燃える雨雲|ショートショート|408字
その夜、森は燃え広がり続けていた。
大地に落下した隕石によって起きた火種はぐんぐんと成長し、いまや森の生物をすべて焼き払わんという勢いにまで成長していた。
その上空に浮かぶ1つの雨雲。
その雨雲から滴る雨は、森に生ける生物達の糧となっていたが、燃え広がる炎の勢いを止めるほどの力は無いように思われた。事実、火は燃え広がるばかりだ。
しかし、その雨雲が雷鳴を発すると、それが合図であったかのように遠くにある雨雲がどんどんと集まってきた。

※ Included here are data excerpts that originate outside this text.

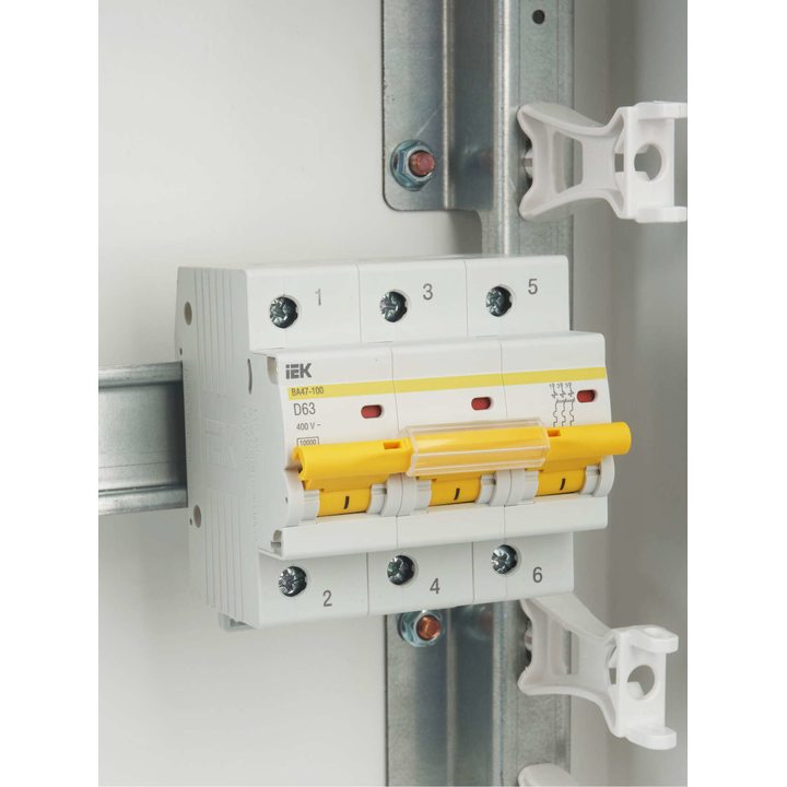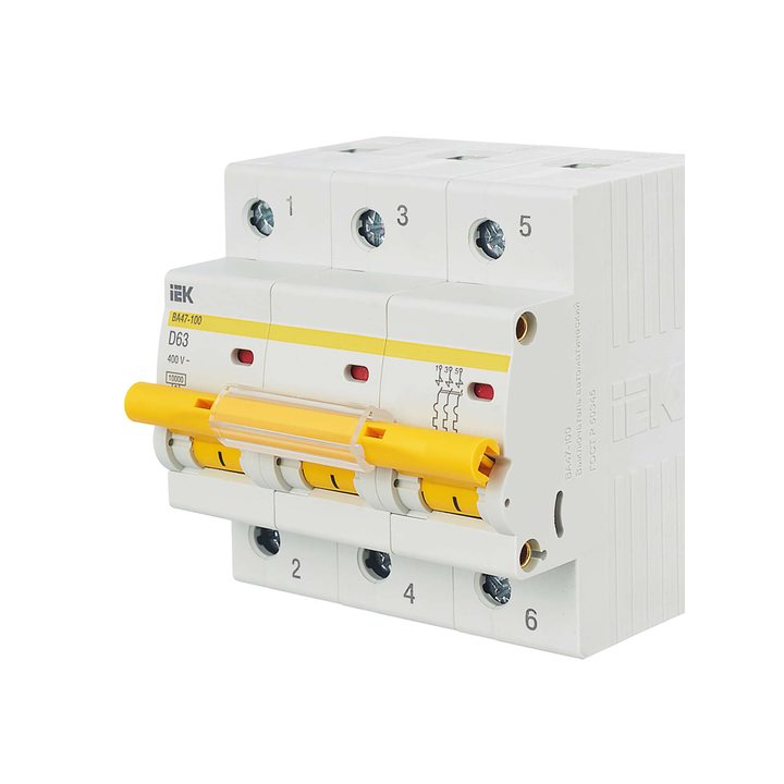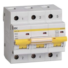 Выключатель автоматический модульный 3п D 63А 10кА ВА47-100 IEK MVA40-3-063-D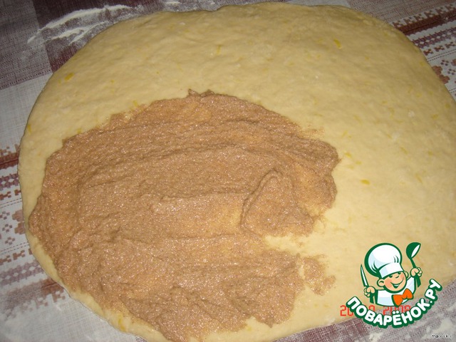 Раскатать тесто в пласт толщиной 1 см и намазать сахарно-масляничной массой. Свернуть в рулет.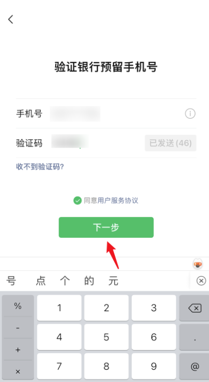 阅读用户协议,点击【同意】,验证银行预留手机号,获取验证码并输入,进行下一步,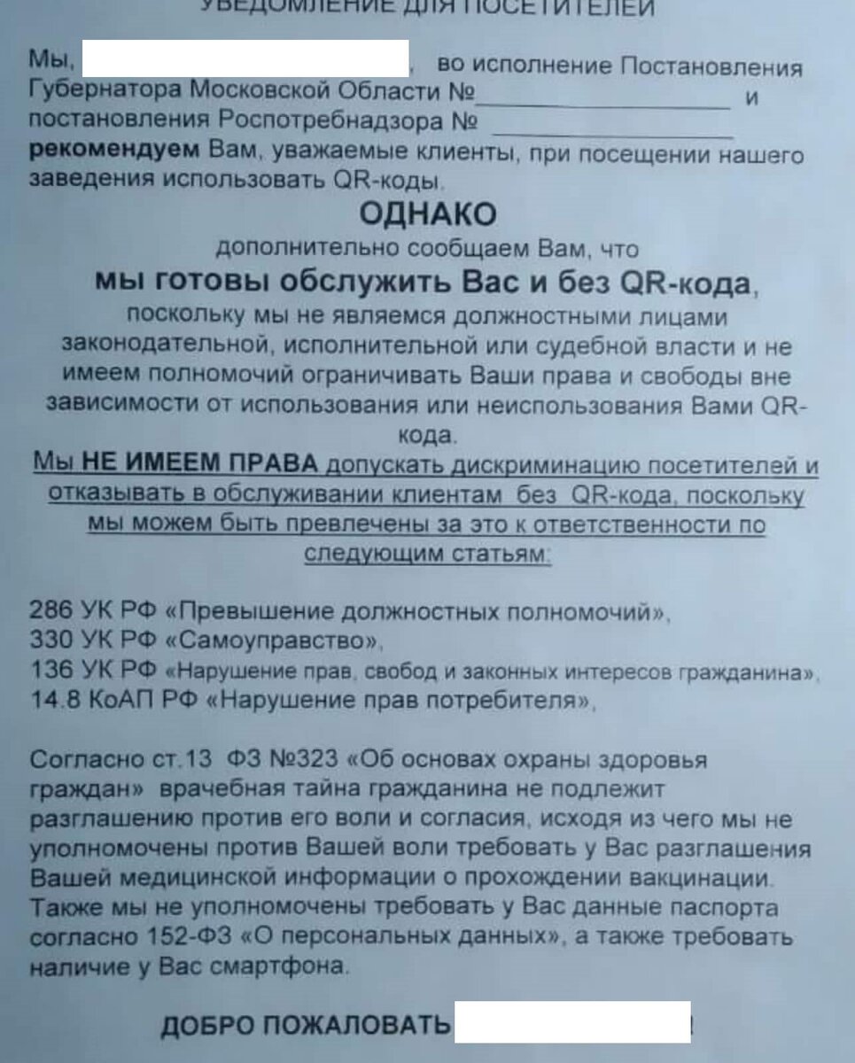 Врачебная тайна защищает россиян от публичного рассказа о своем здоровье. Рестораторы (а также владельцы кафе-баров-закусочных) не хотят нарушать законы и требовать у посетителей предъявлять их свои куракоды. Ведь таким образом, считают рестораторы, они нарушают - и серьезно нарушают - несколько важных федеральных законов. В былые времена за такое могли не только наложить штраф несовместимый с продолжением предпринимательской деятельности в сфере общепита, но и вообще уголовное дело завести. Ведь если простой, обыкновенный ресторатор, например, не пустит в свое заведение клиента, то он может нарушить: А если еще вдобавок ресторатор станет требовать у посетителей справки о состоянии его здоровья, а также всякие другие опознавательные знаки свидетельствующие об особом статусе здоровья клиента, то тем самым он еще нарушает Закон о врачебной тайне. Рестораторы считают, что информация о состоянии здоровья гражданина не может разглашаться без его на то полного согласия. Да посмотрите сами, ч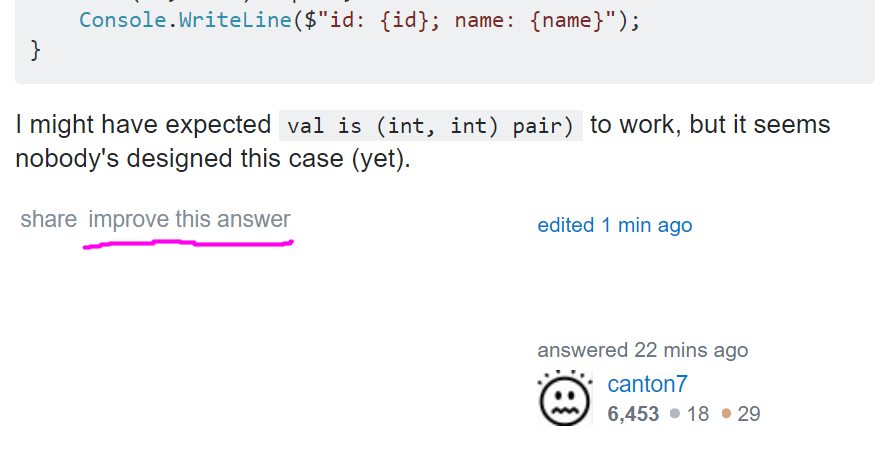 @JustinTPriest @MeganRisdal @KeirRice @juliasilge right, if it's an entirely different solution then it should be an answer, shouldn't it? If the programming can be improved, why not submit the change as a pull request, which is conceptually what an edit is for an anon or new user?

それらは徐々に1つの雨雲へと成長し、森全体を影で覆い尽くさんばかりの大きさとなって、滝のような大量の雨を大地へと降らし続けた。
そして、しばらくのせめぎあいの末、燃え広がる炎は完全に消え去った。
*
翌朝、森の生物たちが目を覚ます頃、あれほど巨大であった雨雲はなくなっていた。
代わりに、ぽつりと浮かぶ小さな白い雲。
朝の日差しが照らす大地に、一時の柔らかな雨を降らした後、その雲は静かに消え去った。
Special Thanks.
爪毛さんのお題を頂きました。
Inspired.
あとがき
こういう作品はあとがきを書きづらいですね……J.D.サリンジャーが解説を書きたがらない気持ちが少しだけ分かったような気がします。
『白夜行』は”ノワール”としてよく知られていますが、登場人物の心理描写がほとんど無いというのも非常に特徴的な作品です。はい。